The Story
Why it exists.
The beginning
Meydan means meeting place, where business, sport, and culture converge. The Spirit of Dubai launched this fragrance in 2015 as part of their inaugural collection, using the city itself as the brief. Asghar Adam Ali built it from traditional materials, oud, saffron, leather, given contemporary structure. The idea was a scent that could hold its own in any room, at any hour, among any crowd. The name says it all: a place where multiple worlds meet, and no one apologizes for showing up.
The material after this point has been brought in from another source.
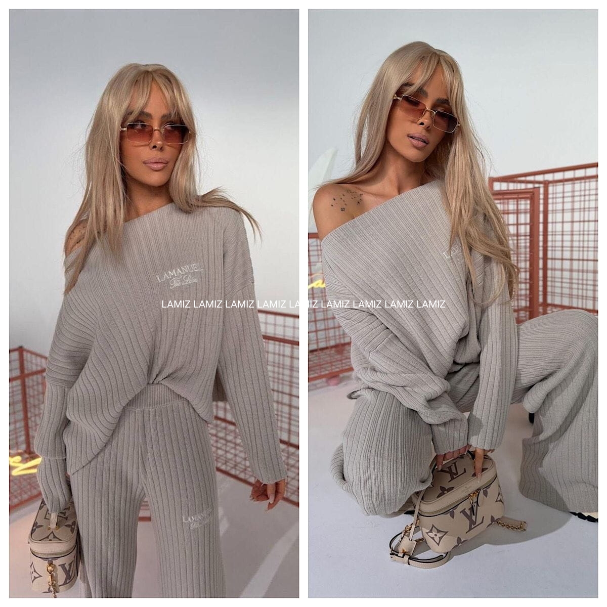 Dzianina o wyraźnym, pionowym prążku – miękka, elastyczna, dobrze układająca się w ruchu. Góra z opuszczoną linią ramion, szerokim rękawem i lekko oversize’owym krojem. Można nosić klasycznie lub opuścić na jedno ramię. Spodnie z wysokim stanem i prostą nogawką. Pas szeroki, elastyczny – bez widocznych sznurków czy zapięć. Na piersi i biodrze haftowane logo w minimalistycznym stylu. Całość tworzy sylwetkę, ale nie opina. Miękkość dzianiny + struktura prążka = zestaw, który nie wygląda jak homewear, ale nosi się jak homewear.

The top eleven notes read like a spice-market inventory, cardamom, cinnamon, nutmeg, saffron, bergamot, grapefruit, apple, artemisia, lavender, cypress, and styrax. It's deliberate excess. The perfumer wanted the opening to announce itself, to demand attention before anything else gets a word in. Cashmeran and hedione bridge the gap between traditional oriental warmth and something modern, soft, almost powdery, that keeps the spice from becoming aggressive. The leather isn't simulated. It's the real note, anchoring everything that comes before it and everything that follows.
The evolution
The opening is medicinal-saffron, bright and almost astringent. Bergamot cuts through, citrus-forward with grapefruit. Artemisia adds a bitter-green edge. Lavender appears later, a soft herbal hand on a warm shoulder. Thirty minutes in, the heart takes over. Oud and tobacco arrive together, with cedarwood providing structure and geranium bringing a green counterpoint. The transition isn't gentle, you're aware of the shift. By hour two, the leather enters. It doesn't soften. It deepens. Sandalwood, benzoin, tolu balsam, and vanilla create a base that feels substantial, not sweet. Vetiver and patchouli add earth. The leather stays. That's the tell. Most fragrances let it recede. This one keeps it present, like a memory you can't shake. Projection is strong for the first two hours, then settles into a cloud that stays intimate without disappearing. On most skin, twelve hours isn't a stretch. The next morning, there's still something there, musk, vanilla, the ghost of leather. Not a projection bomb at that point, but unmistakably present.
Cultural impact
Community reception centers on its bold projection and the leather-to-oud drydown that distinguishes it from safer oriental compositions. It's found favor among wearers who want presence without relying on Western designer territory. The scent has found particular appeal among those seeking bold compositions outside the typical designer mold.